Could you give the data that follows again exactly, without its pictures?

-=-=-=-=-

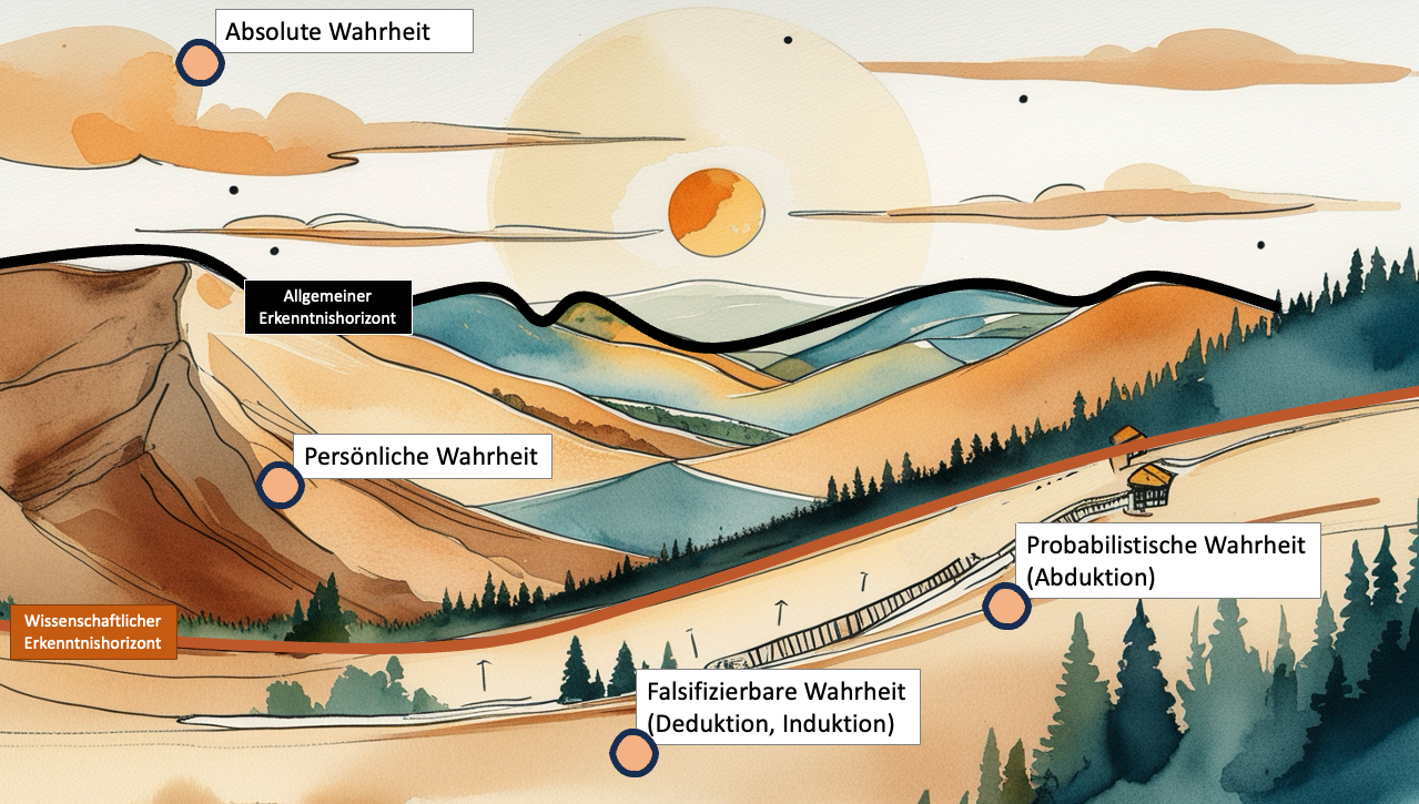 - Absolute Wahrheit: Mit der Grenze der persönlichen Wahrheiten wird der allgemeine Erkenntnishorizont gesteckt. Wir können nicht wissen, was wir nicht wissen. Wir können nicht wissen was wahr ist, wenn es sich unserer Erfahrung entzieht. So können wir nicht Wissen was absolut wahr ist, weil wir weder die Fragen dafür kennen, noch die Antwort. Sehr unterhaltsam können wir darüber sinnieren ob die 42 (Quelle [8]) wirklich eine absolute Wahrheit ist, wir werden es aber nie erfahren.
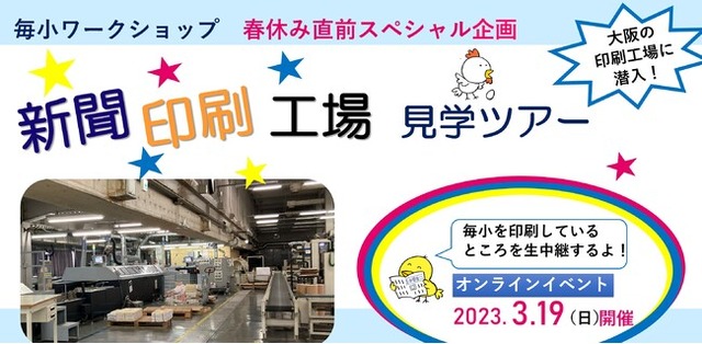 毎日新聞社(代表取締役社長:松木健)は3月19日午前10時半から、小学生の親子向けのオンラインイベント「新聞印刷工場見学ツアー」を開催します。毎日小学生新聞(毎小)の編集部での記事作成や工場での印刷といった新聞づくりのプロセスを丸ごとオンラインでお届け。お子さまの学びにつながる内容です。ぜひご参加ください。
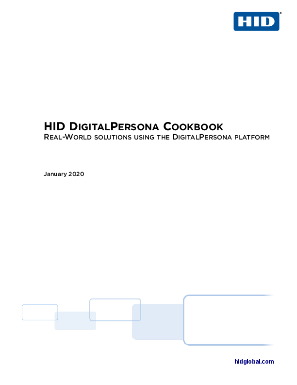 The HID DigitalPersona Solutions Cookbook is a series of recipes for cooking up solutions using the ingredients provided as part of the DigitalPersona solutions, products and components.
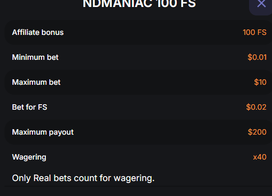 @robingood в правилах нет такого-что, вывести можно будет только х1 от того, что дали фс? А так, первый раз вижу это казино.
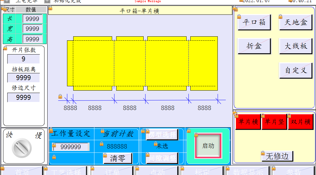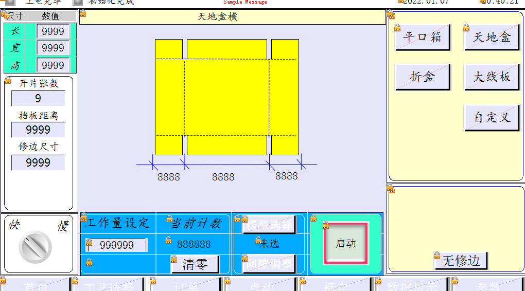 根据客户的需求,英威腾提供了IVC3系列+DA180系列单轴基础型伺服。该方案采用3000rpm的高转速伺服电机换单定位精准快速,在触摸屏交互方面,系统内置平口箱、天地盒、大线板、折盒等多种生产样式,可根据生产需求快速选用,极大的方便了客户使用。

-=-=-=-=-

-- OUTPUT BELOW --
 - Absolute Wahrheit: Mit der Grenze der persönlichen Wahrheiten wird der allgemeine Erkenntnishorizont gesteckt. Wir können nicht wissen, was wir nicht wissen. Wir können nicht wissen was wahr ist, wenn es sich unserer Erfahrung entzieht. So können wir nicht Wissen was absolut wahr ist, weil wir weder die Fragen dafür kennen, noch die Antwort. Sehr unterhaltsam können wir darüber sinnieren ob die 42 (Quelle [8]) wirklich eine absolute Wahrheit ist, wir werden es aber nie erfahren.
 毎日新聞社(代表取締役社長:松木健)は3月19日午前10時半から、小学生の親子向けのオンラインイベント「新聞印刷工場見学ツアー」を開催します。毎日小学生新聞(毎小)の編集部での記事作成や工場での印刷といった新聞づくりのプロセスを丸ごとオンラインでお届け。お子さまの学びにつながる内容です。ぜひご参加ください。
 The HID DigitalPersona Solutions Cookbook is a series of recipes for cooking up solutions using the ingredients provided as part of the DigitalPersona solutions, products and components.
 @robingood в правилах нет такого-что, вывести можно будет только х1 от того, что дали фс? А так, первый раз вижу это казино.
 根据客户的需求,英威腾提供了IVC3系列+DA180系列单轴基础型伺服。该方案采用3000rpm的高转速伺服电机换单定位精准快速,在触摸屏交互方面,系统内置平口箱、天地盒、大线板、折盒等多种生产样式,可根据生产需求快速选用,极大的方便了客户使用。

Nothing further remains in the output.